2 points by jaequery on Feb 6, 2012 | hide | past | favorite | 3 comments
There is this media blackout concerning Ron Paul which is deeply troubling. I feel we can make quite a difference if we band together supporting our cause just like how we did it with the anti-sopa campaigns/widgets.
Yes
5 points
No
4 points
Don't care
2 points


You want media blackout? When in the media do you hear Dennis Kucinich, or any politician with liberal views like his? He voted against the USA PATRIOT Act, against no-paper-trail election systems, against funding the war in Iraq, and more. Yet the media primarily shows moderate, right-wing, and the occasional libertarian viewpoints; rarely strong liberal, and never left-wing viewpoints.

How often does Gary Johnson, who was the Republican governor of New Mexico (and triathlete) and perhaps the highest ranking politician who is outspoken against the "War on Drugs", get in the media? _And_ he's is running for president in the Libertarian party.

We're missing entire swaths of viewpoints.
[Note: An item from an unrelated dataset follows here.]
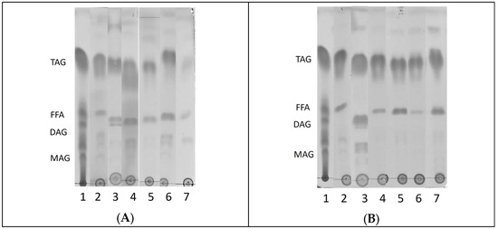Figure 3. TLC analysis of neutral lipids extracted from 24CO strain grown with different carbon sources. (A) MSM1. (B) MSM0.1. Lanes: 1. Mixture of neutral lipids used as control: triacylglycerol (TAG), diacylglycerol (DGAT), monoacylglycerol (MAG), free fatty acids (FFAs). 2. Mannitol, 1%. 3. Sorbitol, 1%. 4. Fructose, 1%. 5. Gluconate, 1%. 6. Glucose, 1%. 7. Glycerol, 0.3%.

To bemoan a "blackout concerning Ron Paul", who is often in the news and whose views on government are very far from my own, draws little sympathy from me. I would vote for Kucinich or Johnson long before Paul.


Speaking as a foreigner:

1. I think his economic/fiscal policy would be disastrous for America and therefore disastrous for the world in general, my country included.

2. I think his foreign policy overshoots in the right direction. I don't want a return to America waging gratuitous war and torturing, but I also don't want an America that thinks Russia, Iran and sea pirates would start behaving themselves if they were ignored.

3. If Ron Paul's candidacy can move GOP foreign policy away from wage-war-and-torture, that would be a wonderful thing. But I get the impression it is easier to shift GOP economic policy.

4. I get the impression that Fox News and Conservative talk radio in general are actively hostile to Ron Paul's policy positions, and want the neocons to return to power. But the rest of the media ignores him because they cover the horse race, not policies: they try to predict “Who will win?” rather than ask “Who should win?” (They seem to have concluded that the GOP's Christianist support is enough to deny Ron Paul the nomination.) This is not unique to America, and even in America it affects much more than Ron Paul.


This is not for/against Ron Paul, but an observation.

Historically, the news has been very liberal/democratic. As FB/Twitter take a more central role in getting the polls or should I say "pulse" of the people, it will be interesting to see how that changes individual prospects of candidates.

For the first time, anyone can win with way less money. I like that!